The differences 𝑦ᵢ – 𝑓(𝐱ᵢ) for all observations 𝑖 = 1, …, 𝑛, are called the residuals.
Regression is about determining the best predicted weights – that is, the weights
corresponding to the smallest residuals.
To get the best weights, you usually minimize the sum of squared residuals (SSR) for all
observations 𝑖 = 1, …, 𝑛:
SSR = Σᵢ(𝑦ᵢ - 𝑓(𝐱ᵢ))².
Regression Performance
The variation of actual responses 𝑦ᵢ, 𝑖 = 1, …, 𝑛, occurs partly due to the dependence on the
predictors 𝐱ᵢ.
However, there’s also an additional inherent variance of the output.
The coefficient of determination, denoted as 𝑅², tells you which amount of variation in 𝑦 can
be explained by the dependence on 𝐱, using the particular regression model.
A larger 𝑅² indicates a better fit and means that the model can better explain the variation of
the output with different inputs.
The value 𝑅² = 1 corresponds to SSR = 0.
That’s the perfect fit, since the values of predicted and actual responses fit completely to each
other.
The estimated regression function, represented by the black line, has the equation:
𝑓(𝑥) = 𝑏₀ + 𝑏₁𝑥.
Your goal is to calculate the optimal values of the predicted weights 𝑏₀ and 𝑏₁ that minimize
SSR and determine the estimated regression function.
The value of 𝑏₀, also called the intercept, shows the point where the estimated regression line
crosses the 𝑦 axis.

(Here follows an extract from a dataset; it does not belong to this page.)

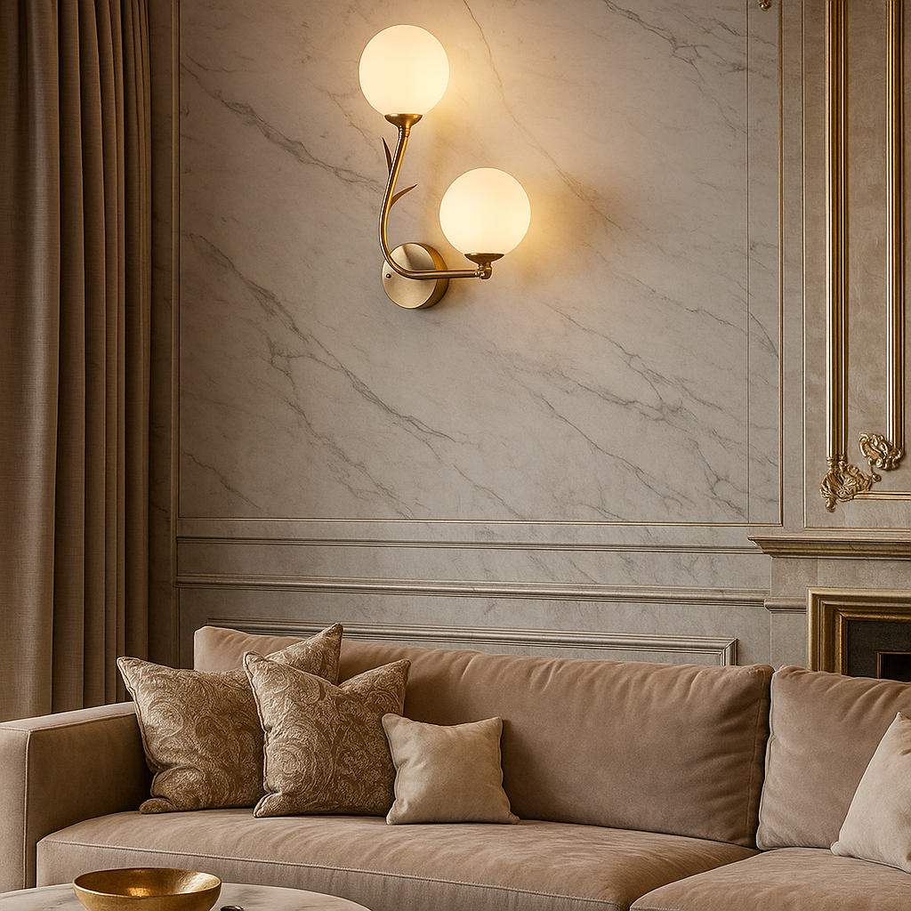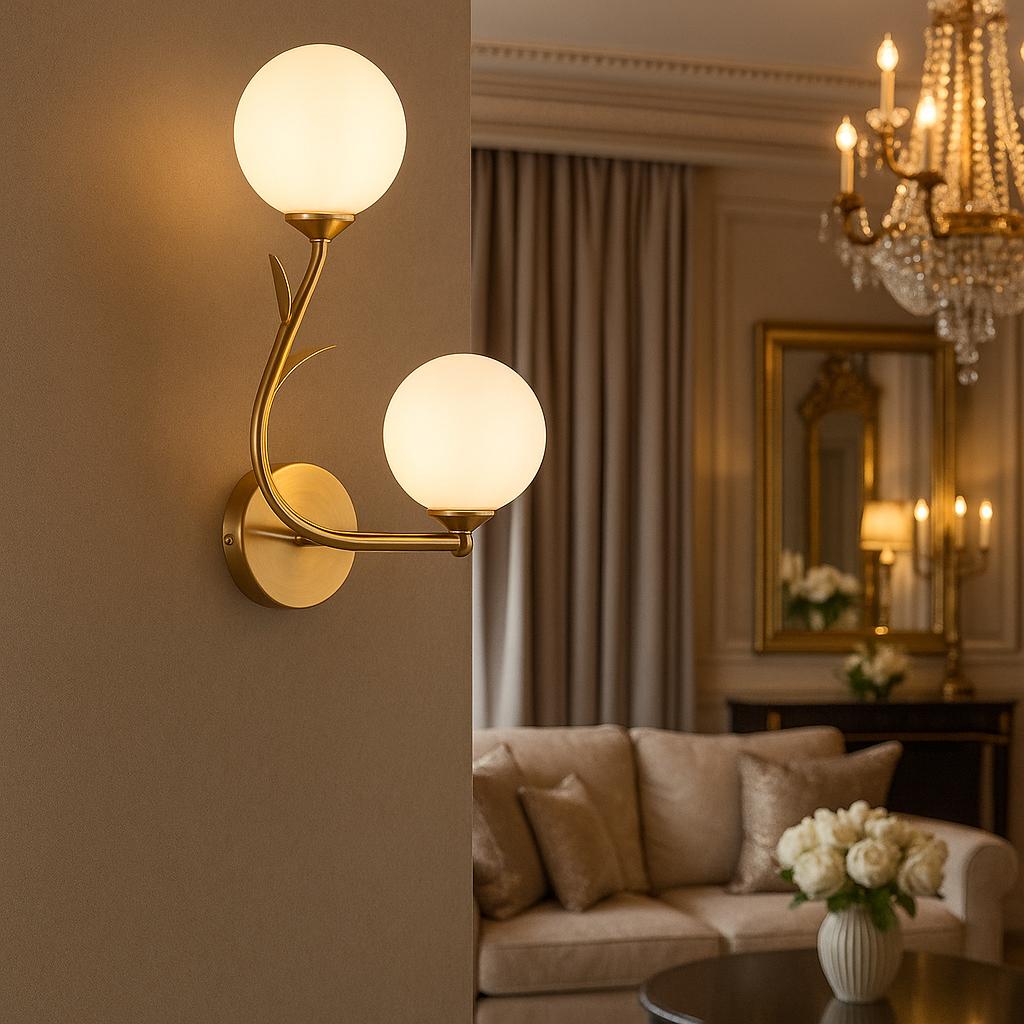L’applique da parete AQ65 è una lampada elegante e funzionale, progettata per valorizzare spazi interni con uno stile moderno e raffinato. La struttura in metallo dorato e i due diffusori sferici in vetro bianco opalino offrono un perfetto equilibrio tra design e comfort visivo.

It’s the value of the estimated response 𝑓(𝑥) for 𝑥 = 0.
The vertical dashed gray lines represent the residuals, which can be calculated as:
𝑦ᵢ - 𝑓(𝐱ᵢ) = 𝑦ᵢ - 𝑏₀ - 𝑏₁𝑥ᵢ for 𝑖 = 1, …, 𝑛.
They’re the distances between the green circles and red squares.
When you implement linear regression, you’re actually trying to minimize these distances and
make the red squares as close to the predefined green circles as possible.
Task_01
import …
import …
from sklearn.linear_model import LinearRegression
np.random.seed(0)
x = 10*np.random.rand(50)
y = 2*x -1 + np.random.rand(50)*6
plt.scatter(x,y,color='b')
X = x[:, np.newaxis]
print(X.shape)
model = LinearRegression().fit(X,y)
LinearRegression(fit_intercept=True)
np.random.seed()
xnew = 10*np.random.rand(10);print(xnew.shape)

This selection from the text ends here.